Updated by okurz about 4 years ago
MR merged. You can trigger https://gitlab.suse.de/openqa/grafana-webhook-actions/-/pipelines manually now with "MACHINE" equalling "openqaworker-arm-3". As the machine is actually down and not recoverable as IPMI is down as well this should actually create an EngInfra ticket which would be good. We can tell EngInfra that the alert is correct because the machine is still down but link it to the other ticket that nsinger recorded where mmaher mentioned the machine as well
Updated by livdywan about 4 years ago
okurz wrote:
MR merged. You can trigger https://gitlab.suse.de/openqa/grafana-webhook-actions/-/pipelines manually now with "MACHINE" equalling "openqaworker-arm-3". As the machine is actually down and not recoverable as IPMI is down as well this should actually create an EngInfra ticket which would be good. We can tell EngInfra that the alert is correct because the machine is still down but link it to the other ticket that nsinger recorded where mmaher mentioned the machine as well
https://gitlab.suse.de/openqa/grafana-webhook-actions/-/jobs/289677
Kinda seems as though the machine was fixed while the pipeline was running...
$ echo rebooting $MACHINE
rebooting openqaworker-arm-3
$ $IPMITOOL chassis bootdev disk
Set Boot Device to disk
$ $IPMITOOL power cycle
Chassis Power Control: Cycle
$ eval $PING || ($IPMITOOL power cycle && eval $PING)
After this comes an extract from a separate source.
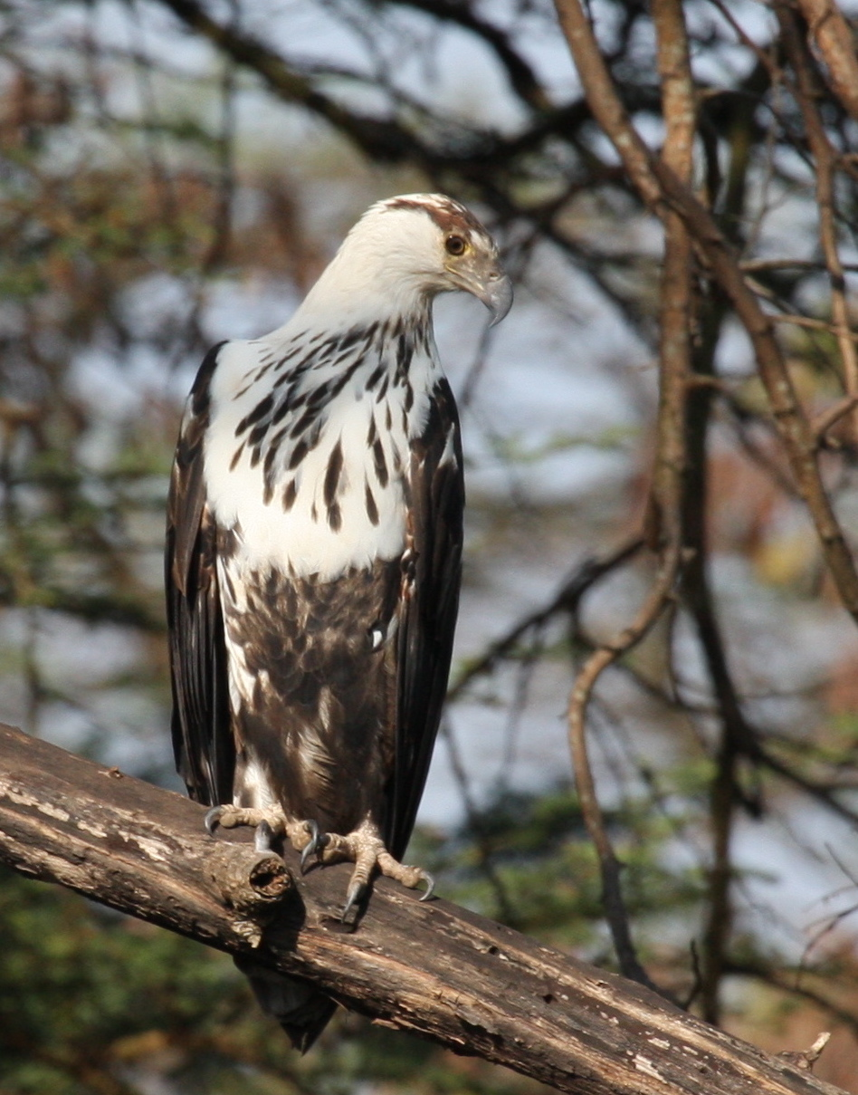 A juvenile African fish eagle near Grumeti, Serengeti, Tanzania. Its plumage indicates that it is a third year juvenile.

PING openqaworker-arm-3.suse.de (10.160.0.85) 56(84) bytes of data.
From caasp-w6.suse.de (10.160.1.151) icmp_seq=1 Destination Host Unreachable
--- openqaworker-arm-3.suse.de ping statistics ---
1 packets transmitted, 0 received, +1 errors, 100% packet loss, time 0ms
PING openqaworker-arm-3.suse.de (10.160.0.85) 56(84) bytes of data.
From caasp-w6.suse.de (10.160.1.151) icmp_seq=1 Destination Host Unreachable
--- openqaworker-arm-3.suse.de ping statistics ---
1 packets transmitted, 0 received, +1 errors, 100% packet loss, time 0ms
PING openqaworker-arm-3.suse.de (10.160.0.85) 56(84) bytes of data.
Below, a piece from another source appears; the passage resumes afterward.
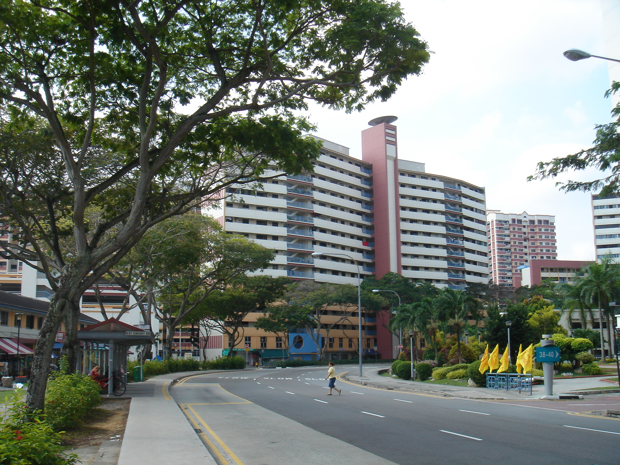 Housing Estate at Circuit Road, MacPherson, Singapore.

From caasp-w6.suse.de (10.160.1.151) icmp_seq=1 Destination Host Unreachable
[...]
--- openqaworker-arm-3.suse.de ping statistics ---
1 packets transmitted, 1 received, 0% packet loss, time 0ms
rtt min/avg/max/mdev = 291.855/291.855/291.855/0.000 ms
$ timeout -k 5 300 sh -c "until nc -vz -w 1 $MACHINE 22; do :; done"
Connection to openqaworker-arm-3 22 port [tcp/ssh] succeeded!
Running after_script
00:01
Running after script...
$ nc -vz -w 1 $MACHINE 22 || \ echo -e \"$EMAIL\" && echo -e '\n\n' | mail -s "[openqa] $MACHINE not bootable via IPMI" infra@suse.de
Connection to openqaworker-arm-3 22 port [tcp/ssh] succeeded!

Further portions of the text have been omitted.